We hate to say this but, we told you so. On February 27th we published an article with the title Recession is Imminent: We Need A Travel Ban NOW and predicted a US recession when the S&P 500 Index was trading at the 3150 level. We also told you to short the market and buy long-term Treasury bonds. Our article also called for a total international travel ban. While we were warning you, President Trump minimized the threat and failed to act promptly. As a result of his inaction, we will now experience a deeper recession (see why hell is coming).
In these volatile markets we scrutinize hedge fund filings to get a reading on which direction each stock might be going. Keeping this in mind, let's take a look at whether Cabot Corporation (NYSE:CBT) is a good investment right now. We like to check what the smart money thinks first before doing extensive research on a given stock.
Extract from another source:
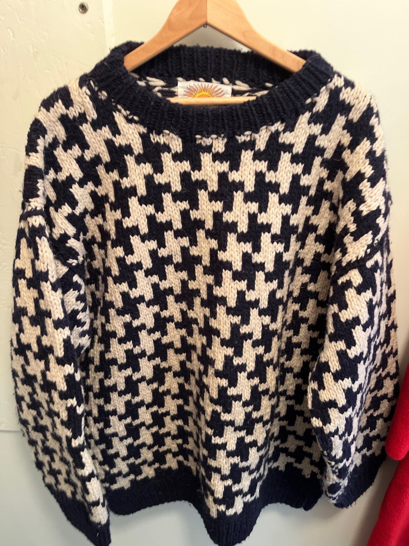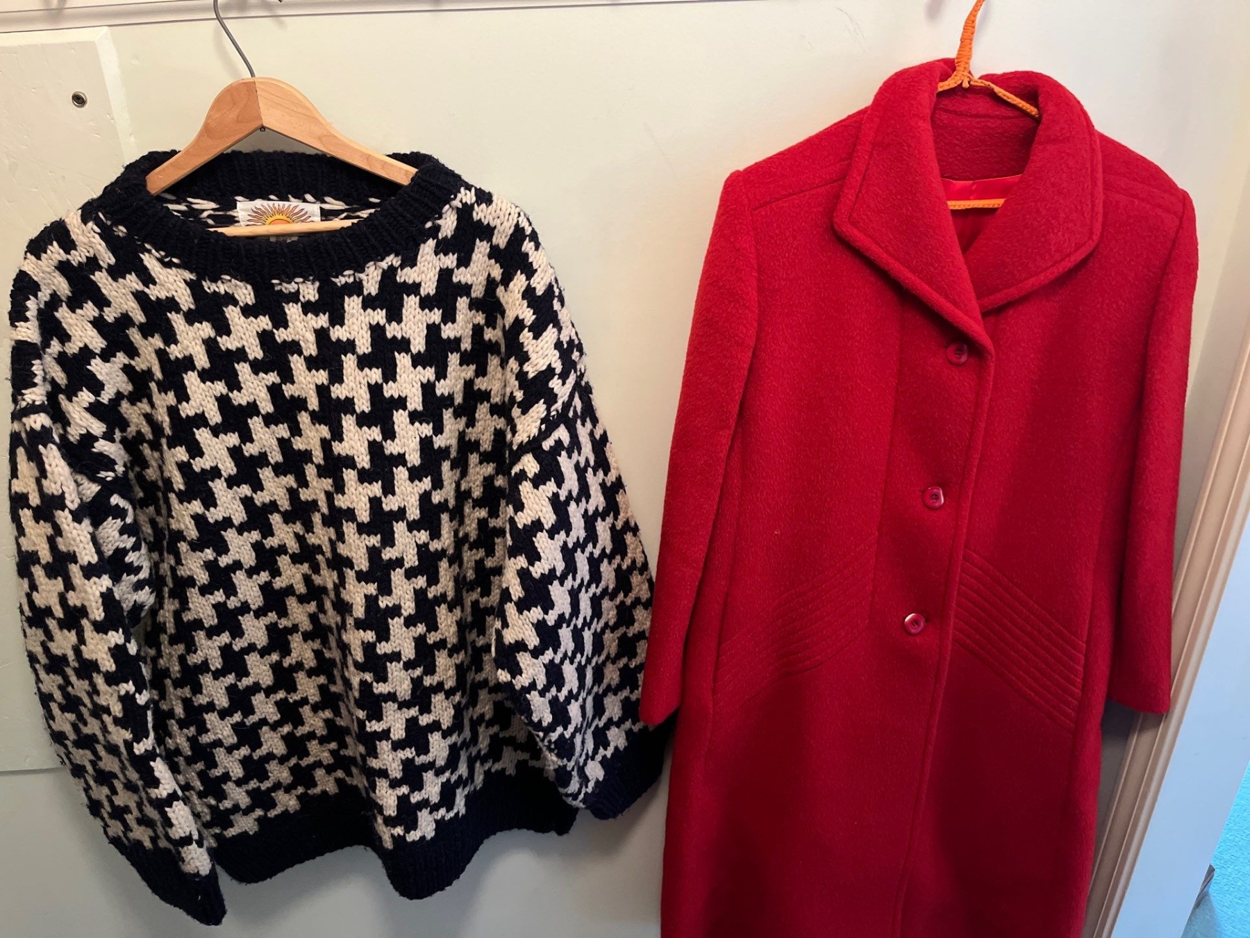 Vintage Wool 3/4 length ladies Jacket made in Canada and Navy Blue & White hand made sweater .

Although there have been several high profile failed hedge fund picks, the consensus picks among hedge fund investors have historically outperformed the market after adjusting for known risk attributes. It's not surprising given that hedge funds have access to better information and more resources to predict the winners in the stock market.
Cabot Corporation (NYSE:CBT) has seen an increase in hedge fund interest recently. CBT was in 29 hedge funds' portfolios at the end of the fourth quarter of 2019. There were 21 hedge funds in our database with CBT holdings at the end of the previous quarter. Our calculations also showed that CBT isn't among the 30 most popular stocks among hedge funds (click for Q4 rankings and see the video at the end of this article for Q3 rankings).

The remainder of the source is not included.